Holder v. Giant Lumber Co.

76 S.E. 485 | N.C. | 1912

Civil action. The following issues were submitted to the jury:

1. Was the plaintiff injured by the negligence of the defendant, as alleged in the complaint? Answer: Yes.

2. Did the plaintiff, by his own negligence, contribute to his own injury? Answer: No.

3. What damage is the plaintiff entitled to recover? Answer: $800.

From the judgment rendered, the defendant appeals.

(178) The facts are sufficiently stated in the opinion of the Court by MR. JUSTICE BROWN. The principal question discussed on the argument of this case by the learned counsel for the defendant is not presented in such a manner that we can consider it. As to whether there is sufficient evidence of negligence to justify the submission of the question to the jury can only be presented by a motion to nonsuit, or by a proper prayer for instruction.

No motion to nonsuit appears to have been made, and we are debarred from considering the prayers for instruction because of the objection of the plaintiff that they were not filed within the time required by the statute.

After the argument commences it is well settled that counsel will not be permitted to file requests for special instructions without leave of the court, and no such leave appears to have been given in this case, for the court declined to consider the prayers after they were handed up.

In Craddock v. Barnes it is said the time within which special instructions should be requested must be left to the sound discretion of the presiding judge, and this Court will be slow to review the exercise of such discretion; but the judge must so order his discretion as to afford the counsel a reasonable time to prepare and present their prayers.142 N.C. 89; Biggs v. Gurganus, 152 N.C. 176.

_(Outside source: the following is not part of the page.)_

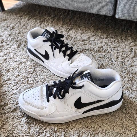 Nike sneakers i storlek 46. Låga sneakers i blått och vitt med snörning. Ovandel i syntet- och textilmaterial med perforerad tådel. Gummisula med mönstrad undersida för grepp. Passar till vardagsbruk och fritidsaktiviteter.
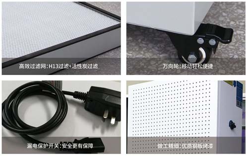 另外,需要說明的是:有效果的家用FFU凈化器一定是有聲音的,要想達(dá)到99.99%的凈化效果,必須得有一定的風(fēng)壓才行,電機(jī)功率必須足夠,否則,要么凈化時(shí)間長(zhǎng),要么凈化效率不達(dá)標(biāo)!家用FFU細(xì)節(jié)展示圖

The assignments of error relating to the hypothetical questions asked Dr. Duncan, we think, are without merit. It is unnecessary to set out the questions themselves. The opinion asked of the witness did not trespass at all upon the province of the jury. These questions only elicited from the physician his opinion of the effect of the wound upon the knee, and also his opinion upon the cause of the suffering alleged to have been endured by the plaintiff. We think the hypothetical *145 questions were framed correctly, according to the rule laid down inSummerlin v. R. R., 133 N.C. 551.

We do not think the assignments of error relating to the charge (179) of the court can be sustained. His Honor seems to have followed the well settled decisions of this Court relating to the duty of the master to furnish proper tools and appliances to his servant. Mercer v. R. R.,154 N.C. 400, and cases cited.

Upon a review of the entire record, we find

No error.

Cited: S. v. Claudius, 164 N.C. 526.